This produces a lot of tokens very fast. So many, in fact, that this run on Claude 4 Sonnet cost me 30¢ (a single run on 4 Opus costs $1.50)! To compare the speed, I ran the same task through a monolithic prompt in a single agent call.
The traditional monolithic prompt produced about 10k tokens in 5½ minutes, producing 30 tokens/sec. However, with the parallel streaming approach, it produced about 8.7k tokens in 30 seconds, spawning 50 agents with a blended rate of 281 tokens/sec!
This is a parallel recursive streaming AI swarm in action. By injecting granular child agents, it enables recursive parallel streams. In this example, it’s summarizing Star Wars. The output is sequential, but the child agents are not blocked. After the main franchise agent spawns a child agent, it keeps generating tokens. While that first child agent is still running, it can spawn another child agent. These child agents can then spawn another child agent, and another, all running simultaneously. The client gets tokens the instant they’re ready, while downstream tokens that were already produced get unleashed immediately. This enables streams to produce other streams running in parallel while maintaining sequential order.
Watch the demo closely and notice it begins by printing movie titles. To start, there’s a network delay while it swaps to the act-writing stream (this can be reduced with HTTP request pre-warming or with cluster-local LLMs to decrease round-trip time). Then the act agent starts streaming the first act of “The Phantom Menace”. By the time Act 1 completes, the remaining acts are almost done, causing it to rapidly jump between acts.
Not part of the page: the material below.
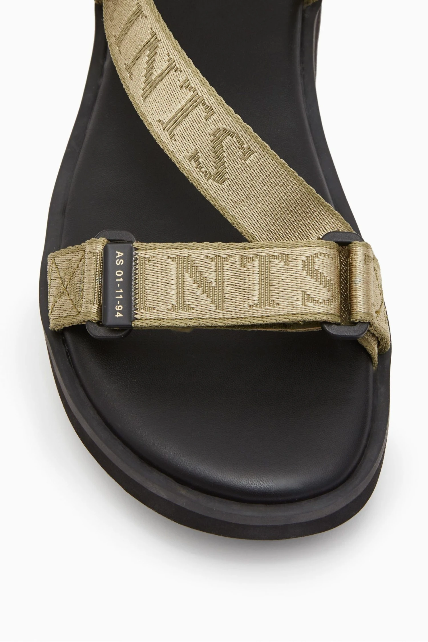 Tonal branded webbing tape with metal branded strap ends. On cleated military style sole.

Blink and you’ll miss it: once the first movie completes, we start jumping entire movies at a time, first to the end of “Attack of the Clones” then to the end of “Revenge of the Sith”. By the time the prequels are complete, all 9 movies are already done and we zoom ahead to the end. The tokens come so fast, the output needed to be throttled just to show what’s going on.
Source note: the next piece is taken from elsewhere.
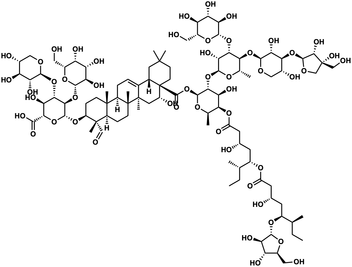 InChI=1S/C98H158O51/c1-13-37(3)47(135-56(109)25-42(105)24-48(38(4)14-2)136-84-65(118)61(114)51(31-101)137-84)23-41(104)26-57(110)141-72-39(5)134-88(78(68(72)121)147-87-71(124)76(145-85-66(119)62(115)59(112)49(29-99)138-85)73(40(6)133-87)142-83-70(123)74(46(107)33-131-83)143-90-80(125)97(129,35-103)36-132-90)149-91(128)98-22-21-92(7,8)27-44(98)43-15-16-53-93(9)19-18-55(94(10,34-102)52(93)17-20-95(53,11)96(43,12)28-54(98)108)140-89-79(148-86-67(120)63(116)60(113)50(30-100)139-86)75(69(122)77(146-89)81(126)127)144-82-64(117)58(111)45(106)32-130-82/h15,34,37-42,44-55,58-80,82-90,99-101,103-108,111-125,129H,13-14,16-33,35-36H2,1-12H3,(H,126,127)/t37-,38-,39+,40-,41-,42-,44-,45+,46+,47-,48-,49+,50+,51-,52+,53+,54+,55-,58-,59+,60-,61-,62-,63-,64+,65+,66+,67+,68-,69-,70+,71+,72-,73-,74-,75-,76-,77-,78+,79+,80-,82-,83-,84+,85-,86-,87-,88-,89+,90-,93-,94-,95+,96+,97+,98+/m0/s1 |

The speed is insane, but it unlocks more power by splitting up agents to simplify prompts. If you want to play around with it, check out my proof of concept repo.
Stream Injection
The ability to sequentially inject a stream within another stream enables remarkably powerful behavior. Each injected stream can perform its own work in parallel, while consumers of the output stream still get content in order without worrying about what’s happening inside the stream. Streams composed within streams are higher-order streams.
When combined with streaming LLM calls, stream injection lets us split complex monolithic prompts into child agents, each with their own simpler, more focused prompts, solving vast swaths of prompt complexity issues. Additionally, stream injection allows each of the child streams to run in parallel, simultaneously constructing different parts of the response ahead of what’s currently streaming. Not only do we get better answers, they finish at a ludicrous speed.
Spawning parallel recursive AI agents was already possible on our backend, but existing methods break streaming output and often block on parent agent output before spawning children.
Prompt Complexity and Attention Dilution
I discovered this need while exploring a way to embed JSX component rendering in markdown responses to power AI agent responses at my company Vetted. I’m very excited about the new UI experiences it will power within our AI answers, but getting agents to output JSX component tags in the correct format has been pushing the latest LLM models to their limit. We hit a complexity wall where current model limits prevent us from adding more advanced component composition to our answers.
When a prompt gets too large and complicated on the backend, our standard approach has been to break it down into smaller tasks and synthesize those outputs into an answer. We’ve already implemented agent swarms in our backend to distribute research and keep agents accurate with tightly scoped tasks, but the problem with that approach on the frontend is that the client needs to support streaming.
On the backend, this isn’t an issue. We can run agents in parallel, have agents spawn subagents recursively, and wait for each block of work to complete before processing it. However, on the client, blocking is not an option. Our answers take a while to produce, and while users are willing to wait for high quality research, they want content to start streaming as early as possible. It’s the same as the time-to-first-paint problem: you don’t need the entire page ready and interactive immediately, but you need to show something is happening as soon as you can.
Breaking down a monolithic agent into simpler tasks would enable several very important capabilities. It would solve “attention dilution” problems where an overloaded prompt becomes unable to follow complex instructions accurately because instruction attention gets spread too thin. It would also enable optimizing our model choices. With a monolithic prompt, only one model can be used at a time, meaning tradeoffs must be made between speed, cost, and specialization. By breaking up a prompt, we could choose the optimal model for each subtask.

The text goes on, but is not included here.